Exercise instructions —
Shown below are entries with pictures; the line with "Monday, March 23, 2026." through the line with "5月2日,杜邦公司发布202" is the span to retype exactly, and the pictures stay out.
-*-*-
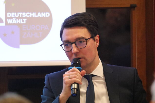 Inwieweit Europa im Bundestagswahlkampf eine Rolle spiele, wollte Moderator Ulrich Rohde von seinen Gesprächspartnern wissen. "Mehr als vielleicht auf den ersten Blick hin ersichtlich", kam es (sinngemäß) aus allen Ecken zurück. Während der CDU-Kandidat unter dem Stichwort Wirtschaftspolitik auf die Bedeutung des europäischen Binnenmarkts einging, bezogen sich die Bewerber von SPD und Grünen in ihren Statements auf die Bundestagsdebatte von vor zwei Wochen. "Jahrelang haben wir Europa als selbstverständlich wahrgenommen", so Christopher Jesse. "Was es bedeutet, Grenzen zu schließen, ist vielen nicht bewusst." Was der Kanzlerkandidat der Union "durch den Bundestag kriegen wollte", so fügte der Grünen-Kandidat kurz darauf hinzu, habe nichts mit dem europäischen Gedanken zu tun gehabt.
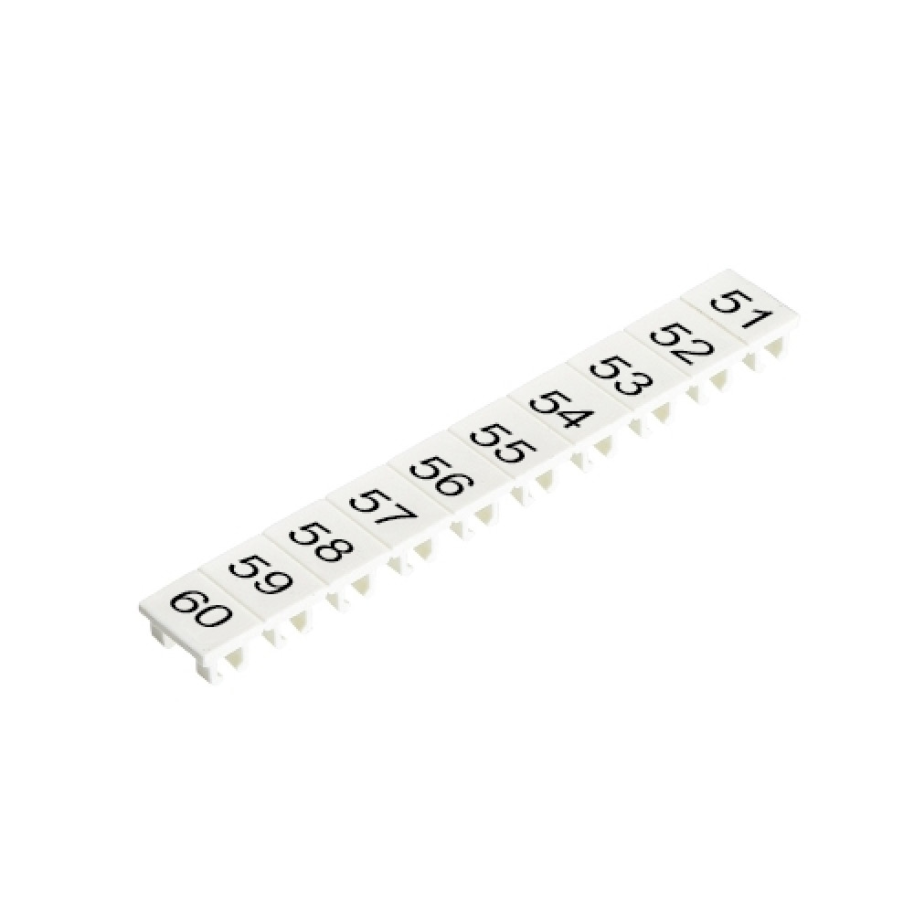 Маркировочные шильдики, для клемм сечением 2,5 мм.кв., боковая / верхняя, 10 шильдиков, нанесенные символы: 51...60, с горизонтальным расположением, размер шильдика: 4,8 x 8,3 мм, цвет: белый
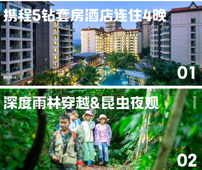 【住】西双版纳万达颐华全套房酒店或同级5钻酒店 【餐】酒店早餐、雨林大餐、雨林晚餐 -【活动地点】基诺山雨林 - 上午:【绿野仙踪】雨林穿越徒步、雨林野生秋千、彩石画脸(阿凡达妆)、动植物科普、生物多样性、清山环保行动、野生厨房雨林大餐 - 下午:【野外挑战】野外生存(庇护所)、攀爬绞杀榕、树降 【基诺非遗】基诺非遗体验:奇科音乐、大鼓舞体验 - 晚上:【夜探雨林昆虫】勇气挑战,昆虫欢乐聚会
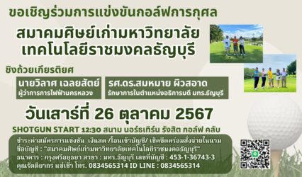 Blogกิจกรรม สมาคมศิษย์เก่า มทร.ธัญบุรี ขอเชิญร่วมกอล์ฟการกุศล สนับสนุนการศึกษาและสังคม tui sakrapee September 10, 2024 นายวิลาศ เฉลยสัตย์ นายกสมาคมศิษย์เก่า มหาวิทยาลัยเทคโนโลยีราชมงคลธัญบุรี (มทร.ธัญบุรี) เปิดเผยว่า มทร.ธัญบุรี ร่วมกับ สมาคมศิษย์เก่า มทร.ธัญบุรี จัดกิจกรรมสำคัญการแข่งขันกอล์ฟการกุศล เพื่อสนับสนุนด้านการศึกษาและด้านสังคม รายได้จากกิจกรรมดังกล่าวจะนำไปใช้เป็นทุนการศึกษาเพื่อมอบให้กับนักศึกษา มทร.ธัญบุรี และนักเรียนโรงเรียนสาธิตนวัตกรรม…
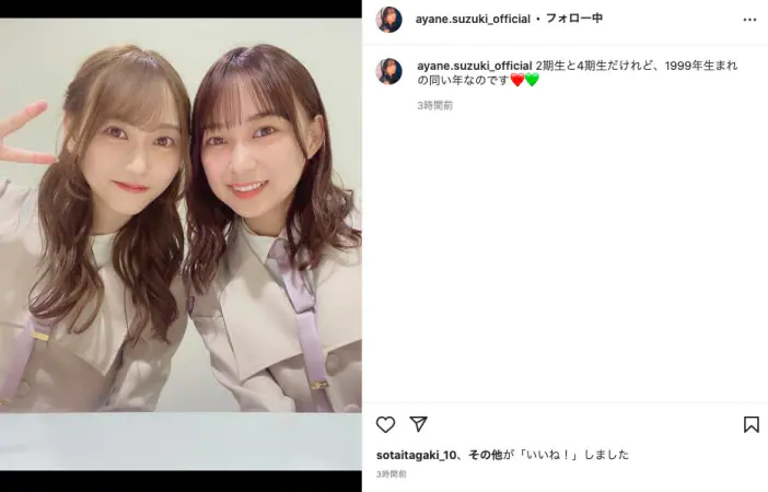 乃木坂46 鈴木絢音が、自身のInstagramに弓木奈於とのツーショットをアップしている。 鈴木と弓木は、2期生と4期生…
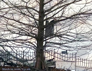 Monday, March 23, 2026. A pair of Wood Ducks are back! From 6:30-7 am, no sightings. Looking out again at 8 am a pair was spotted. Observations/Comments below.
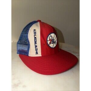 The hat is red, white, and blue, with the Philadelphia 76ers logo on the front and the word "PHILADELPHIA" embroidered on the side panels.
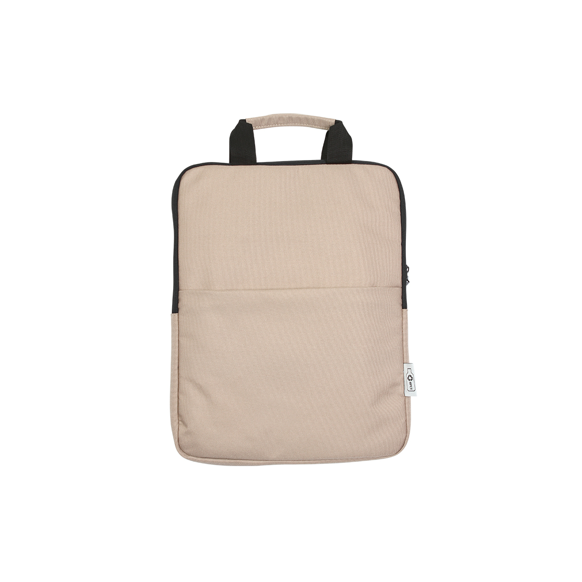 Bolso para laptop fabricado en poliéster y RPET. Cuenta con asa, correa, cierre, compartimento principal y dos bolsillos exteriores frontales.
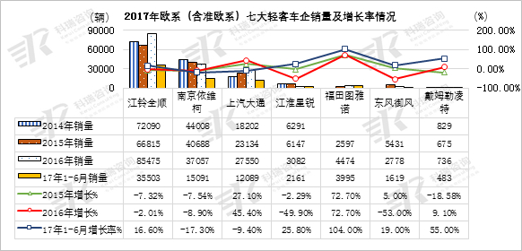 2017年,七大欧系轻客(含准欧系)除南汽依维柯和上汽大通纯欧系轻客市场销量下降外,其他五家都实现了2位数或3位数的正增长率。尤其是上汽大通V80轻客在连续实现五年多的快速高速增长率后,今年终于回归到了理性的市场发展阶段,正增长率与负增长率必然成为一种常态,无需对此杞人忧天,何况上汽大通有极其强大的营销水平能力。
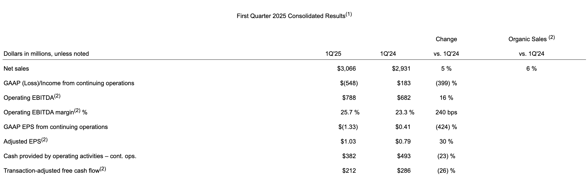 5月2日,杜邦公司发布2025年第一季度财报:净销售额为30.66亿美元,同比增长5%;经营性息税折旧摊销前利润(EBITDA)为7.88亿美元,同比增长16%;调整后每股收益为1.03美元,同比增长30%。
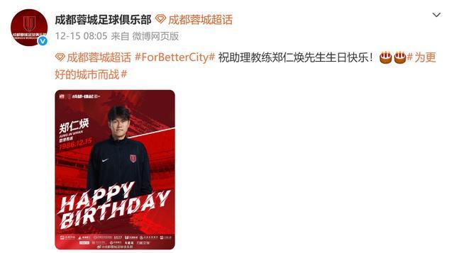 昨天是徐正源的55岁生日,成都蓉城官方并未在社交媒体为主帅送上祝愿,而此前在15日,成都蓉城官方曾为助教郑仁焕送上生日祝愿。
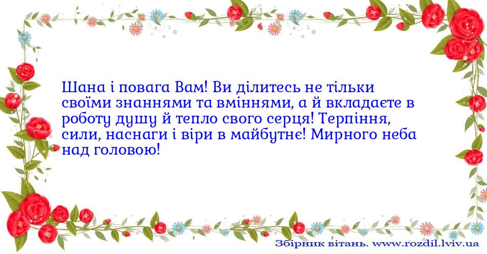 Приклад: «Ваша праця - це справжнє мистецтво/покликання. Дякуємо за вашу невтомність і те тепло, яке ви віддаєте людям. Нехай натхнення ніколи не покидає вас, а результати роботи перевершують сподівання!»
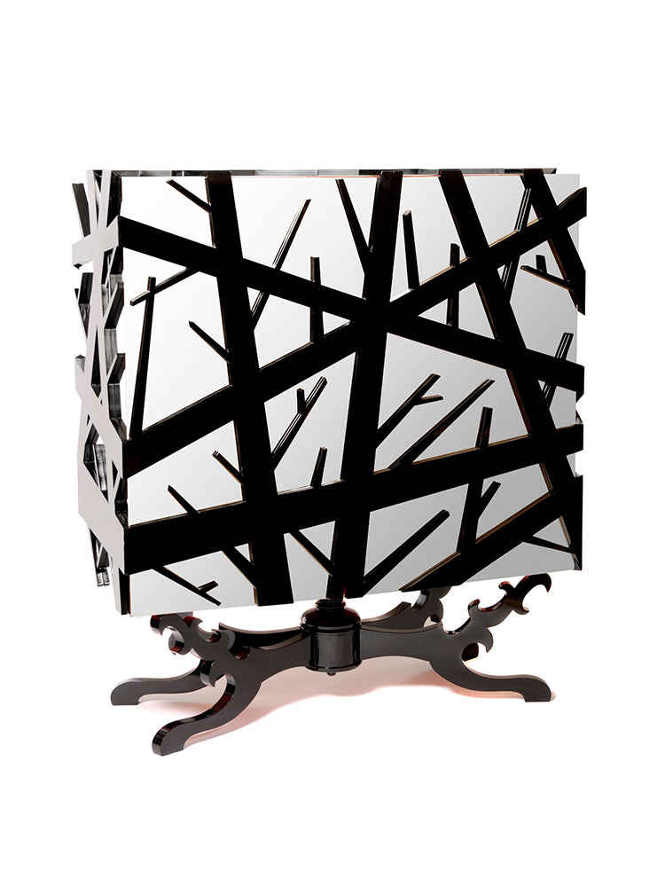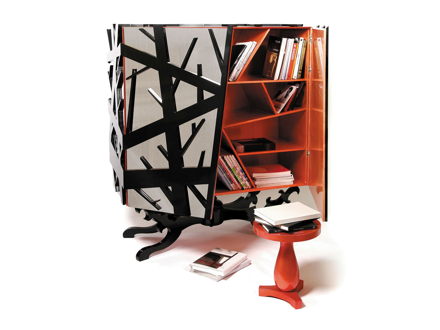 description | We have been solidly building our design pieces through innovation by incorporating the idea of transformation and reinvention. Giving preciousness to the banal use of furniture, day-to-day or common materials carries not only the creativity of Forest, but also distinctly Boca do Lobo’s characteristics – the colors, the mixtures of materials, the creative chaos, and the triumph of the simple solutions. Bookcase has a wooden structure, which is covered with a special mesh. The base is carved from mahogany and the interior is compartmentalized with angling shelves covered in gold leaf finished with a translucent orange high gloss varnish. |
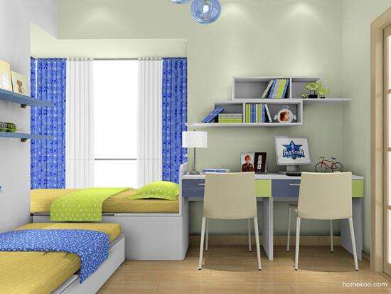该儿童双人房利用转角飘窗,设计为榻榻米的床,不仅满足双人房的要求,且储藏功能强大,使小空间也能拥有双人房。双人书桌,空间充裕,互不影响。
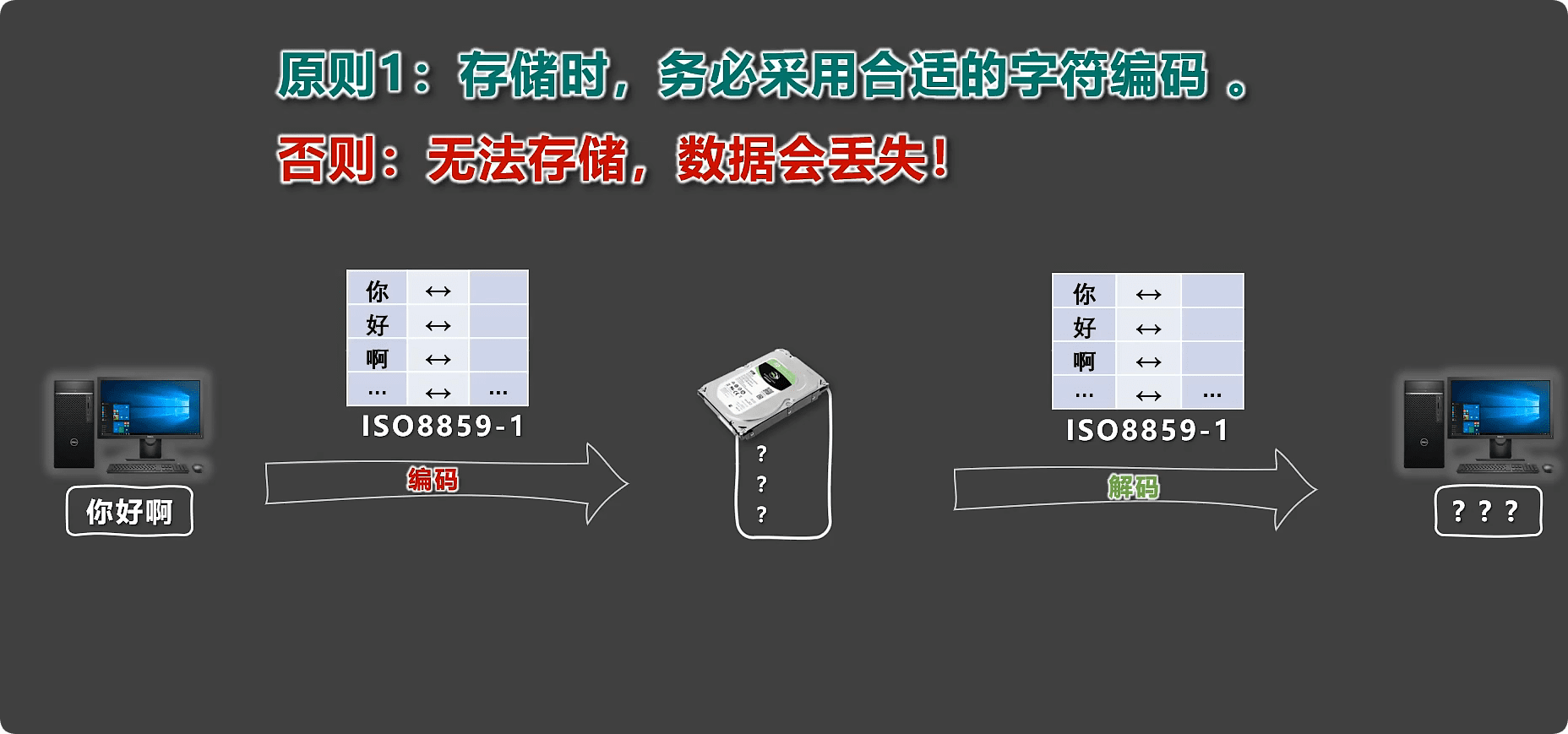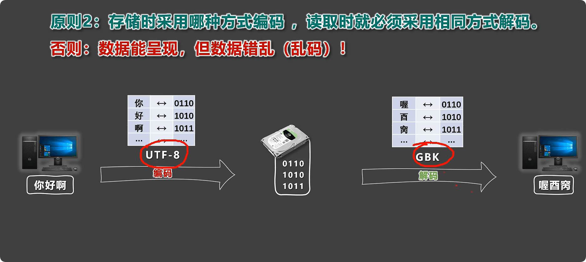 存储和读取采用同种方式解码,否则数据错乱(乱码)!
-*-*-
Answer box —
 Monday, March 23, 2026. A pair of Wood Ducks are back! From 6:30-7 am, no sightings. Looking out again at 8 am a pair was spotted. Observations/Comments below.
 The hat is red, white, and blue, with the Philadelphia 76ers logo on the front and the word "PHILADELPHIA" embroidered on the side panels.
 Bolso para laptop fabricado en poliéster y RPET. Cuenta con asa, correa, cierre, compartimento principal y dos bolsillos exteriores frontales.
 2017年,七大欧系轻客(含准欧系)除南汽依维柯和上汽大通纯欧系轻客市场销量下降外,其他五家都实现了2位数或3位数的正增长率。尤其是上汽大通V80轻客在连续实现五年多的快速高速增长率后,今年终于回归到了理性的市场发展阶段,正增长率与负增长率必然成为一种常态,无需对此杞人忧天,何况上汽大通有极其强大的营销水平能力。
 5月2日,杜邦公司发布2025年第一季度财报:净销售额为30.66亿美元,同比增长5%;经营性息税折旧摊销前利润(EBITDA)为7.88亿美元,同比增长16%;调整后每股收益为1.03美元,同比增长30%。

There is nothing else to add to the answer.